[What the exercise asks] Repeat every line of the data exactly, but not the pictures.
- Opening Delimiter -
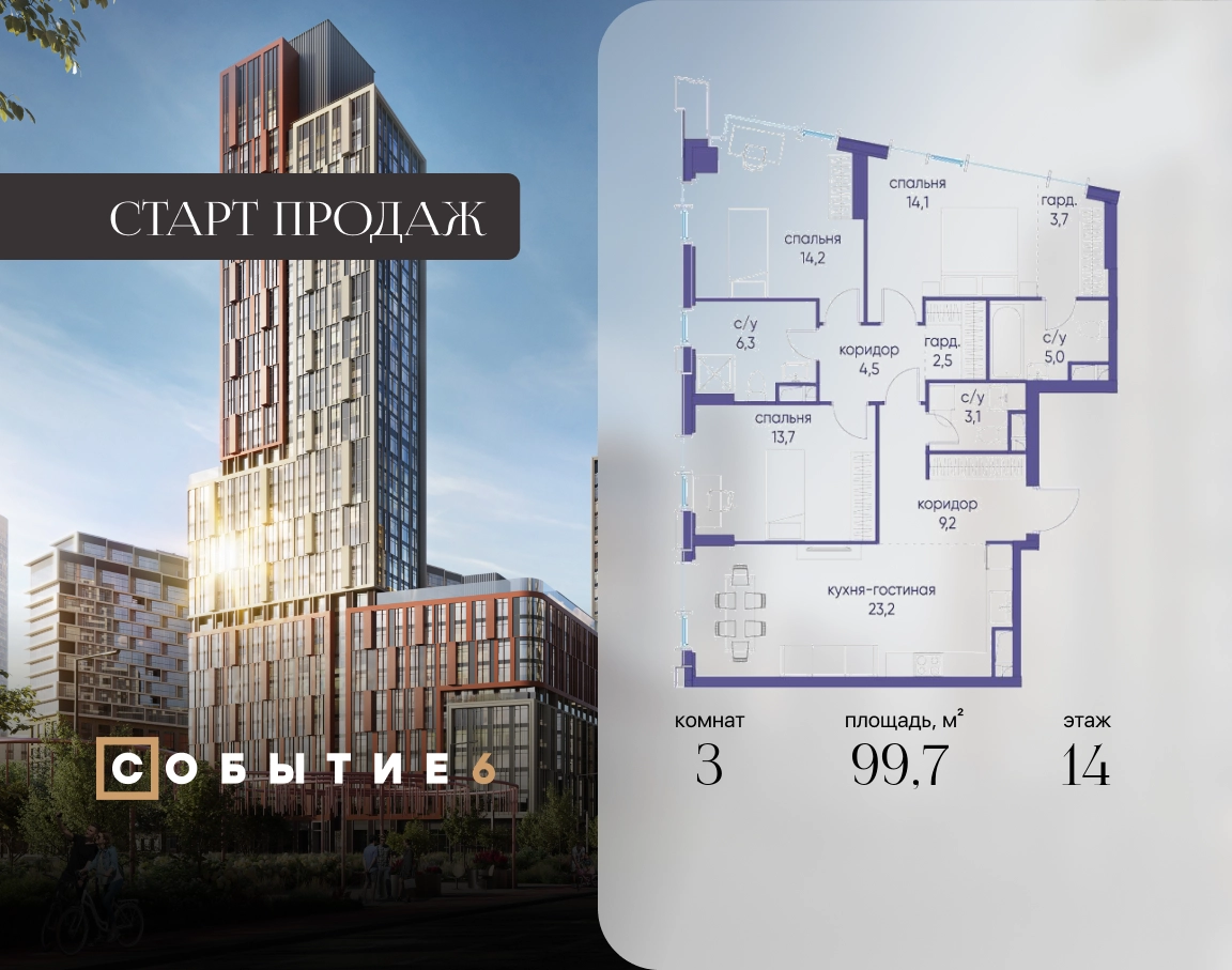 Продаётся 3-комнатная квартира от застройщика: общая площадь 99.70 м², жилая 42.00 м², кухня 23.20 м², 14-й этаж, жилой квартал «Событие-6», корпус 2 (секция 1) Срок сдачи: 1 квартал 2029 года. Позвоните сейчас и забронируйте квартиру! Продуманный до деталей. Созданный для жизни, полной счастливых событий. Парк-квартал СОБЫТИЕ — это жизнь класса премиум в престижном районе на Мосфильмовской улице. Архитектура мирового уровня. Выигрышное расположение на границе природного комплекса «Долина реки Раменки». Все для комфортной жизни и досуга: от детсадов и школ до ресторанов и медцентров. И новая точка притяжения — уже готовый парк «Событие» с пространствами активности для всех возрастов и интересов. Особенности квартала: • «Парящие» мосты и парк под облаками - уникальный дом с самыми завораживающими видами из окон «в пол» • Собственный парк — сразу за порогом! • Архитектурная концепция от известных международных бюро LDA Design и UHA London • Инфраструктура «тапочной доступности»: в кафе, школу, магазин — за пару минут! • Внутренний двор — настоящее продолжение вашего дома: закрытая охраняемая территория без машин, развивающие детские площадки, воркауты-зоны для тех, кто хочет быть в форме, площади для праздников и посиделок с соседями.О застройщике
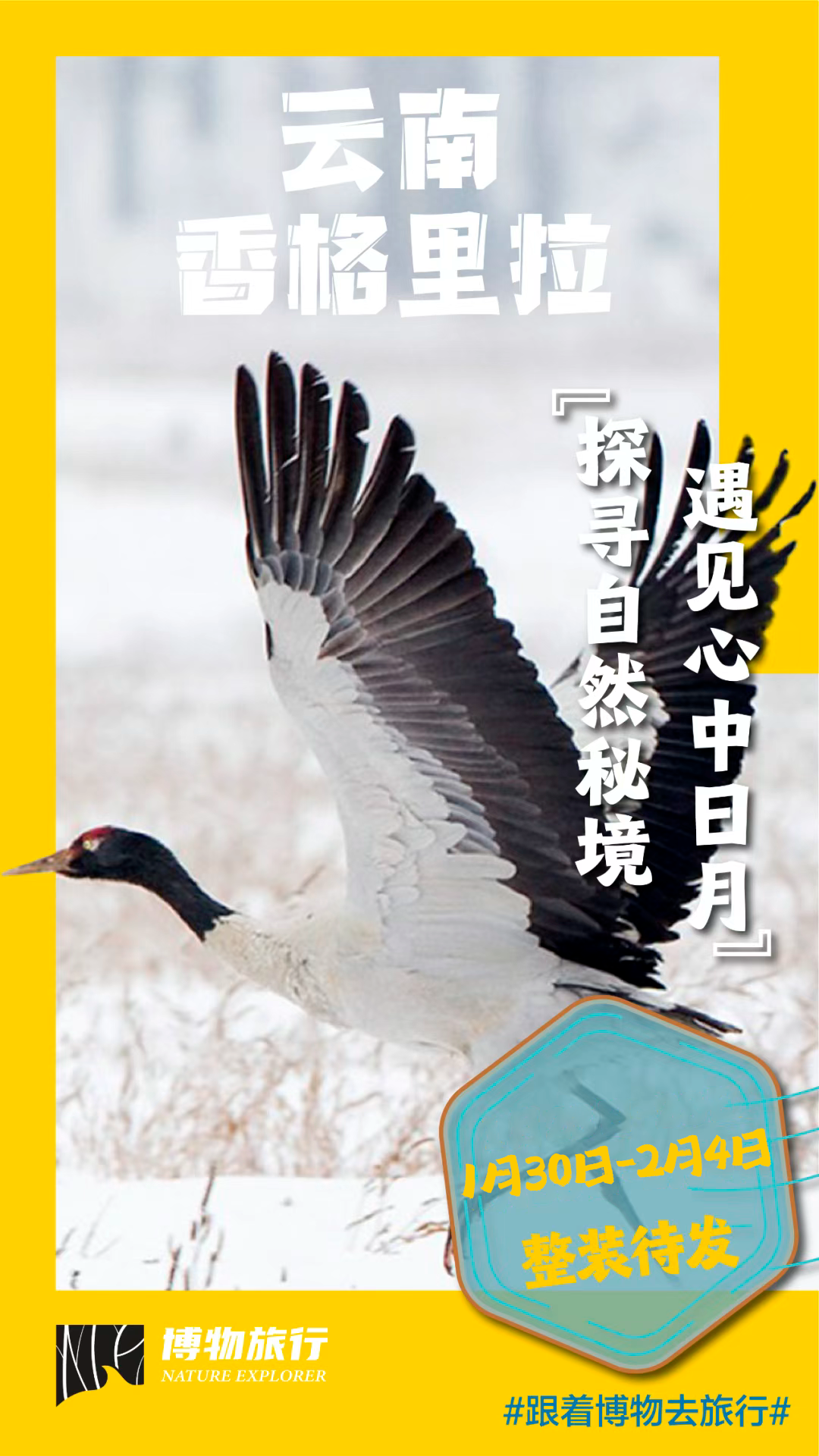 清晨,穿过炊烟袅袅的纳帕海地区探访黑颈鹤夜栖地,见证上百只黑颈鹤起飞出发去觅食。之后前往松赞林寺,拍摄其在氤氲中的绝美景观。午饭后,换上传统藏族服饰游览独克宗古城,留下美好映像,随后一同乘坐博物旅行安排的专车前往丽江机场,结束美好的香格里拉行程。
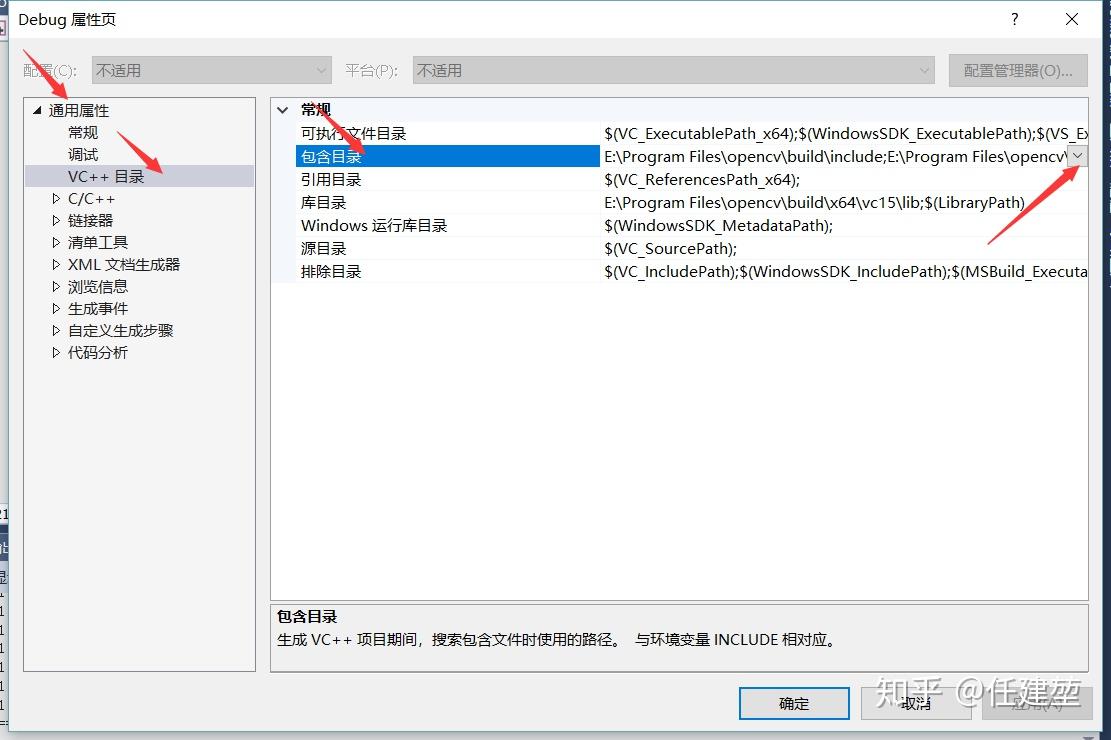 打开属性页面后在通用属性->vc++目录->包含目录中添加以下三个目录
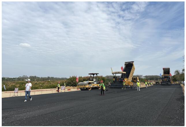 据了解,此次摊铺的主线路面底基层水泥试验段长200m,宽16.48m。为确保摊铺工作的顺利进行,项目施工方提前组织谋划,优化资源配置,严格控制水泥稳定碎石混合料的拌合、运输、摊铺、碾压、检测等各个环节,铺筑过程中各类机械设备紧密配合,现场管理人员对松铺系数、碾压遍数、摊铺厚度进行严格控制并全过程检查记录,施工现场井然有序,摊铺过程进展顺利。
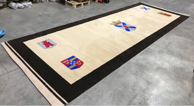 ‘Brink&Campman Carpet’ biedt het kleed aan. Staat; nieuw en ongebruikt. Inmiddels is er al 500 euro geboden, exclusief belastingen. Daar kwamen de eerste vraagtekens al, immers het kleed in het gemeentehuis is zeker niet ongebruikt. In de loop der jaren zijn daar al diverse schoenen overheen gelopen. En afgelopen donderdag lag het kleed er nog gewoon.
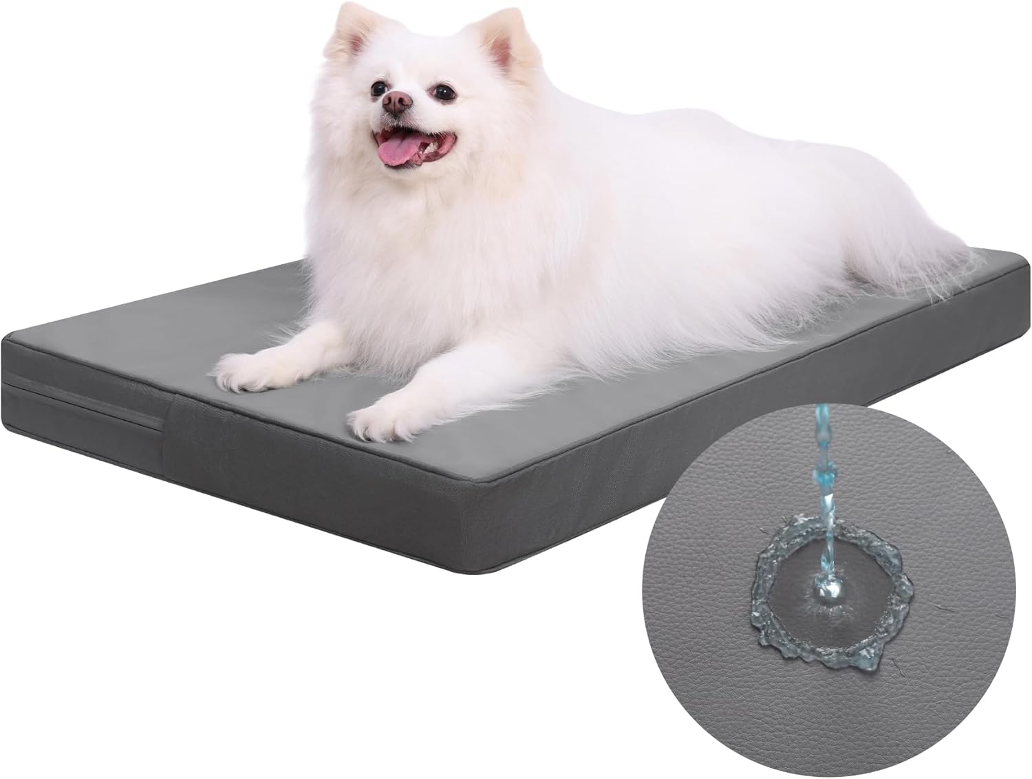 Ортопедично легло за големи кучета 104 x 68 см, свалящо се водоустойчиво покритие от изкуствена кожа, възглавница за кучета, матрак за големи кучета, удобен и охлаждащ за употреба на закрито и открито, сив
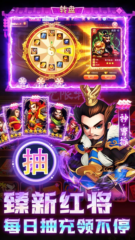 3.上百個的三國武將,豐富的組合搭配,讓你的練級道路不再孤單。
- Closing Delimiter -
[Answer below]
 Продаётся 3-комнатная квартира от застройщика: общая площадь 99.70 м², жилая 42.00 м², кухня 23.20 м², 14-й этаж, жилой квартал «Событие-6», корпус 2 (секция 1) Срок сдачи: 1 квартал 2029 года. Позвоните сейчас и забронируйте квартиру! Продуманный до деталей. Созданный для жизни, полной счастливых событий. Парк-квартал СОБЫТИЕ — это жизнь класса премиум в престижном районе на Мосфильмовской улице. Архитектура мирового уровня. Выигрышное расположение на границе природного комплекса «Долина реки Раменки». Все для комфортной жизни и досуга: от детсадов и школ до ресторанов и медцентров. И новая точка притяжения — уже готовый парк «Событие» с пространствами активности для всех возрастов и интересов. Особенности квартала: • «Парящие» мосты и парк под облаками - уникальный дом с самыми завораживающими видами из окон «в пол» • Собственный парк — сразу за порогом! • Архитектурная концепция от известных международных бюро LDA Design и UHA London • Инфраструктура «тапочной доступности»: в кафе, школу, магазин — за пару минут! • Внутренний двор — настоящее продолжение вашего дома: закрытая охраняемая территория без машин, развивающие детские площадки, воркауты-зоны для тех, кто хочет быть в форме, площади для праздников и посиделок с соседями.О застройщике
 清晨,穿过炊烟袅袅的纳帕海地区探访黑颈鹤夜栖地,见证上百只黑颈鹤起飞出发去觅食。之后前往松赞林寺,拍摄其在氤氲中的绝美景观。午饭后,换上传统藏族服饰游览独克宗古城,留下美好映像,随后一同乘坐博物旅行安排的专车前往丽江机场,结束美好的香格里拉行程。
 打开属性页面后在通用属性->vc++目录->包含目录中添加以下三个目录
 据了解,此次摊铺的主线路面底基层水泥试验段长200m,宽16.48m。为确保摊铺工作的顺利进行,项目施工方提前组织谋划,优化资源配置,严格控制水泥稳定碎石混合料的拌合、运输、摊铺、碾压、检测等各个环节,铺筑过程中各类机械设备紧密配合,现场管理人员对松铺系数、碾压遍数、摊铺厚度进行严格控制并全过程检查记录,施工现场井然有序,摊铺过程进展顺利。
 ‘Brink&Campman Carpet’ biedt het kleed aan. Staat; nieuw en ongebruikt. Inmiddels is er al 500 euro geboden, exclusief belastingen. Daar kwamen de eerste vraagtekens al, immers het kleed in het gemeentehuis is zeker niet ongebruikt. In de loop der jaren zijn daar al diverse schoenen overheen gelopen. En afgelopen donderdag lag het kleed er nog gewoon.
 Ортопедично легло за големи кучета 104 x 68 см, свалящо се водоустойчиво покритие от изкуствена кожа, възглавница за кучета, матрак за големи кучета, удобен и охлаждащ за употреба на закрито и открито, сив
 3.上百個的三國武將,豐富的組合搭配,讓你的練級道路不再孤單。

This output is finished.